1. Community-based linguistics
First, in linguistics (especially missionary linguistics and Bible translation) these days there is a thing called participatory methods, where they gather stakeholders from an ethnic group and do activities to help them discover the needs of their language, the structure of their language, etc. so they can help make a group decision.
2. Consensus vs the father/patron
I lived in Taiwan for three years, in Thailand for six years, and in Myanmar for a year and a half. In Taiwan, the older generation was more oriented toward the father-figure, department head, or patron calling the shots like in the Confucian model (although the mother actually called most of the shots in things like family worship), whereas consensus was more valued among the 20s-30s generation. When I went on a trip to China with a fellow American and a group of Taiwanese, every decision (such as what hotel to stay at) took a long time because the Taiwanese had to discuss it at length and come to a group decision.

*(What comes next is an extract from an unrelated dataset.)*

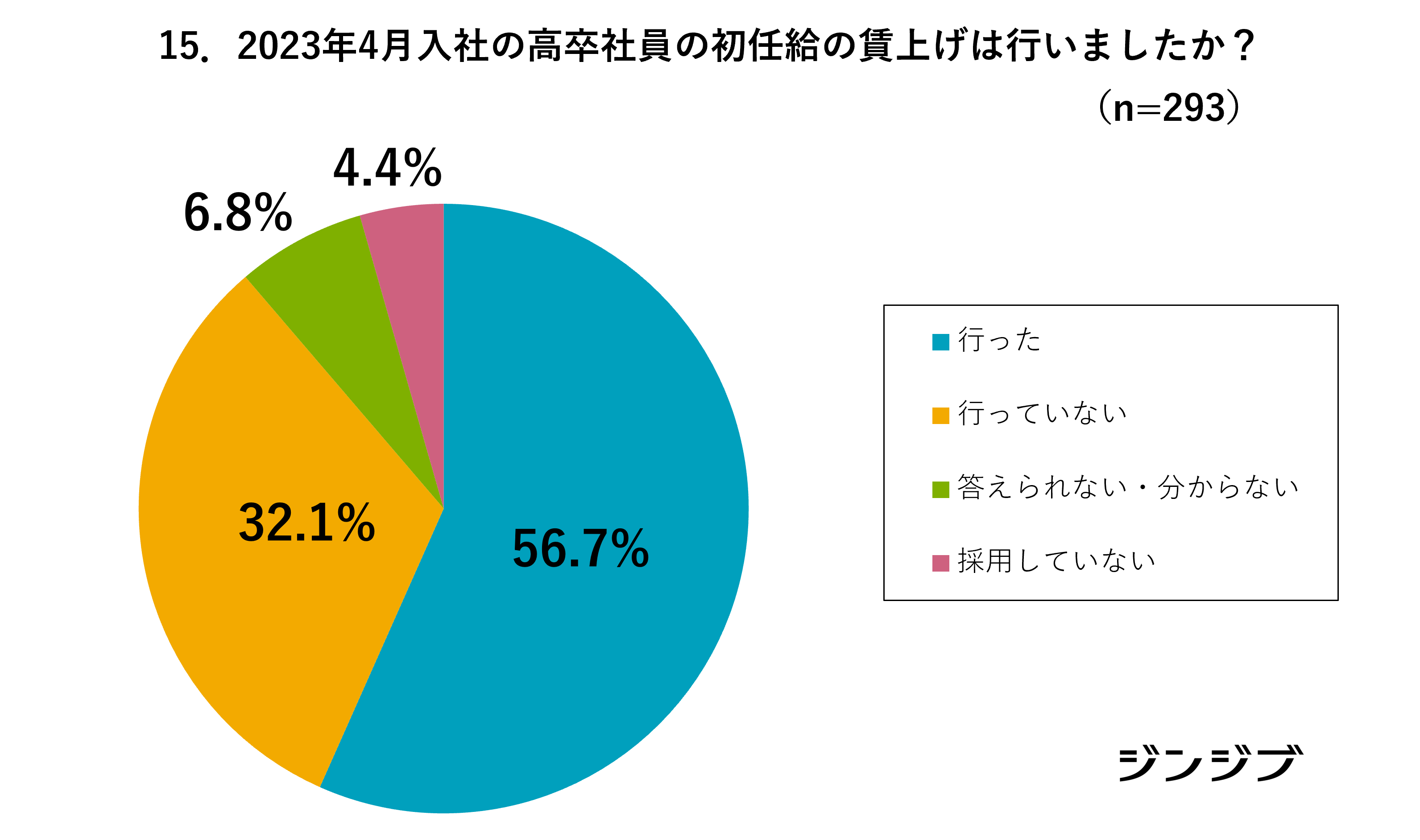 15.2023年4月入社の高卒社員の初任給の賃上げは行いましたか? (n=293)

3. In the tribal groups of northern Myanmar that I researched for my linguistics MA thesis, there was an ideology of "unity is good", but in actual practice, groups were often very fractious, and would split off from each other when they didn't agree. Anthropologist Edmund Leach described two kinds of village sociopolitical system in Jinghpaw villages: gumlau (democratic, egalitarian, rebellious, anarchic, ruled by a council) and gumsa (hierarchical, ruled by a chief). Among the Rawang ethnic group that I studied, one of the most influential leaders in the 20th century, Rawang Bezidø, was the son of a shaman who converted to Christianity and helped missionary Robert Morse create an orthography and translate the Bible into his language. According to his daughter, Bezidø's house was a gathering place and lodging house for travelers from all over the region, and so Bezidø was able to learn the news from all around and use this to make wise decisions that led to peace.

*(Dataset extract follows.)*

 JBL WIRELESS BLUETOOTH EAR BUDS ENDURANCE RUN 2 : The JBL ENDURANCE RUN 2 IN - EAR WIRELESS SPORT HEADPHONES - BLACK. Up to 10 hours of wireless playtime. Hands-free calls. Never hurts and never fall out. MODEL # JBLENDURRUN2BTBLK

4. The idea of personal boundaries is popular in counseling psychology. Its most famous proponents in Christian circles are Henry Cloud and John Townsend in an eponymous series of books. I think it comes from Murray Bowen and Margaret Mahler's models of psychological individuation as a way to separate from dysfunctional family roles. At the center, however, there is a conception of personal autonomy and choice that seems to be self-focused in a way that the Bible is not, and this often contributes to cross-generational estrangements in families where the older generation is not familiar with the new expectations and language of psychologists that the younger generation is using. In her book on friendship, Platonic, Marisa Franco summarizes research on a me-centered vs a we-centered view of boundaries that offers a helpful corrective to this.

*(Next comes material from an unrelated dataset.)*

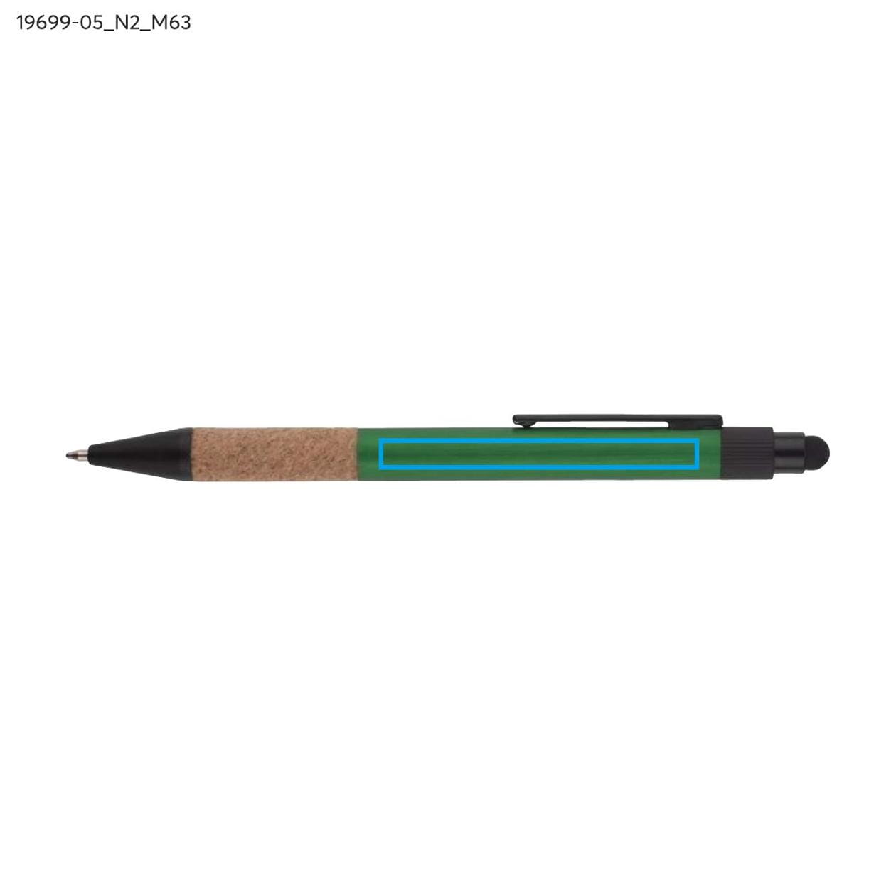 El bolígrafo BOSAY es la combinación perfecta de ecología y estilo, que sin duda atraerá la atención de cualquier usuario. Fabricado con aluminio reciclado, este bolígrafo no solo cumple con sus funciones, sino que también cuida el medio ambiente. Su color verde mate le da un aspecto moderno, y el corcho natural utilizado en el agarre le añade originalidad y un carácter único. Gracias a esto, el bolígrafo BOSAY no solo es ideal para el uso diario, sino que también se convierte en un elegante accesorio en el escritorio o en el bolso.

Do you have any way forward on Item 4, especially from the monastic writings?
Interesting post. It seems that people today, both in and out of the church, see collective action/democracy as a way of achieving individuality and interacting with destiny.
I've been thinking a lot about Simone Weil's quote, “Only human beings have an eternal destiny. Human collectivities have not got one.” Elsewhere she says, “Idolatry is the name of the error which attributes a sacred character to the collectivity; and it is the commonest of crimes, at all times, at all places.”
I know Weil wasn't a Christian in the orthodox sense, but I think she's correct here. The church is a collective, but has an eternal destiny, right? But, mystically, the church is also an individual: the bride of Christ.
I think to the extent the church participates in the idolatry of democracy, it is a mere collective. To the extent it consists of those who abide in Christ and Christ abided in them, it is achieving its destiny.
Somehow this all seems relevant to what you're talking about here, but I'm not sure.